La pequeña Inés también protestaba. Desde que salieron de Zafra, aunque su madre se la pusiera al pecho, no dejaba de llorar con los puños cerrados. Tenía hambre. Valvanera no sabía qué hacer, salvo llorar.
—Se morirá si no llegamos pronto. Creo que ya no me queda ni una gota de leche.
Mamata acarició a la niña, se le notaba que trataba de no parecer preocupada, pero el tono de su voz la traicionó.
—¡No te desesperes! ¡Pronto llegaremos! La nuera de mi hermana le dará de mamar. Estaba de cinco meses cuando me fui. Con todos sus hijos ha tenido que descargarse los pechos porque le rebosan. Seguro que a ti te vuelve cuando menos lo esperes, han debido de ser los nervios.
Valvanera tocó suavemente la cabeza de su hija. Tenía la piel pegada al hueso, y la fontanela se hundía con sólo rozarla.
—Puede que no pase de esta noche.
La princesa miró por la ventana, en un par de horas habría anochecido. Si en la próxima fonda no encontraban un ama de cría, continuarían el camino aunque tuvieran que viajar toda la noche.

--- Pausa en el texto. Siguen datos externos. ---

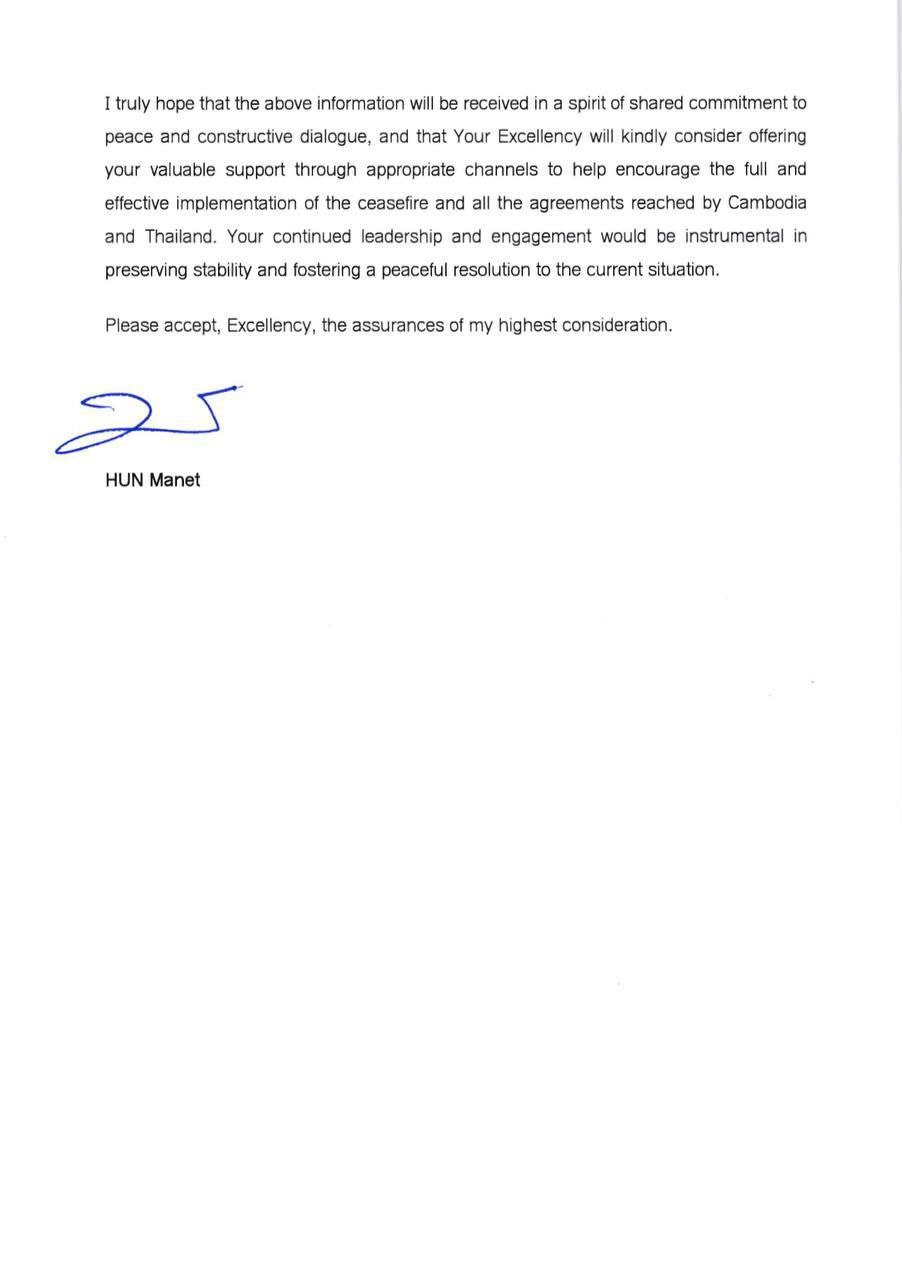 លិខិត ផ្ញើជូន ឯកឧត្តម António Guterres អគ្គលេខាធិការអង្គការសហប្រជាជាតិ ពាក់ព័ន្ធនឹងការវិវឌ្ឍនៃស្ថានការណ៍ព្រំដែន កម្ពុជា-ថៃ។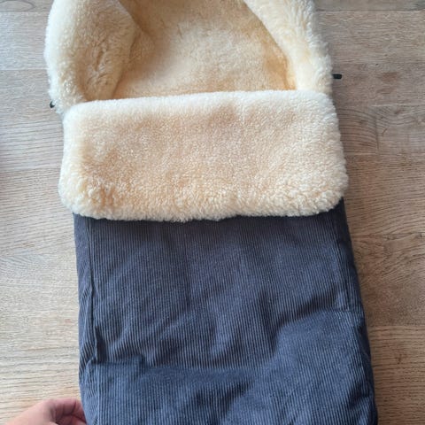 Pent og lite brukt vognpose med saueskinn fra Nøstebarn. Vannavvisende ytterstoff. Vi har hatt dunpose så denne har blitt nedprioritert og selges derfor. Kan ikke se noen spesielle anmerkninger utenom en flekk ved hullet til selen.

Antes de que amaneciera, la niña podría estar mamando de la nuera de Mamata.
Valvanera se desabrochó la blusa y arrimó a la pequeña al pezón. No se le escuchaba el ruido que solía hacer al tragar, chupaba desesperada y se retiraba llorando. Los huesos de la cabeza se hundían por momentos. Valvanera rezó a la diosa del agua para que se produjera un milagro.
—¡Escucha! ¡Tú, mi madre! ¡La de las enaguas preciosas!
El llanto de la niña se estaba apagando cuando llegaron a la posada. Nadie se bajó del coche. Esperaron a que el hijo menor de Mamata volviera con buenas noticias, pero en aquel lugar nadie había parido desde hacía años. Había que continuar el viaje. María y Miguel miraban a Valvanera y a la niña como si comprendieran lo que estaba sucediendo. La princesa ordenó al cochero que diera de beber a los caballos, en cuanto estuvieran listos seguirían camino hacia Sevilla. En ese momento, Mamata abrió la portezuela, salió del coche y corrió hacia la posada gritando.
—¡Beber! El hambre de la niña se parece mucho a la sed.
Volvió en un abrir y cerrar de ojos con un vaso de agua. Se lo acercó a la pequeña a la boca y ésta bebió como si se tratara de un adulto, la fontanela volvía a redondear su cabeza a medida que el líquido entraba en su cuerpo. Valvanera lloraba y reía.
—¡Pero qué tonta he sido! ¡Qué tonta!
María y Miguel la miraban sin decidirse a acompañarla en su risa o en su llanto. La princesa también reía y lloraba. Mamata se metió en el carruaje y ordenó al cochero.
—¡Vámonos!
Llegaron al Arenal de Sevilla antes de que los faroles de las calles empezaran a apagarse. Mamata y su hijo bajaron del coche y se encaminaron a pie hacia los barrios intramuros. Valvanera y doña Aurora se dirigieron a la posada donde les esperaban don Lorenzo y Juan de los Santos, aporrearon la aldaba con tanta fuerza que los dos bajaron sin que nadie tuviera que despertarlos.
No hay abrazo más dulce que el del consuelo. Valvanera se acurrucó en el pecho de su esposo y dejó que las lágrimas rodaran. En menos de una hora, Mamata volvía a la posada con su nuera.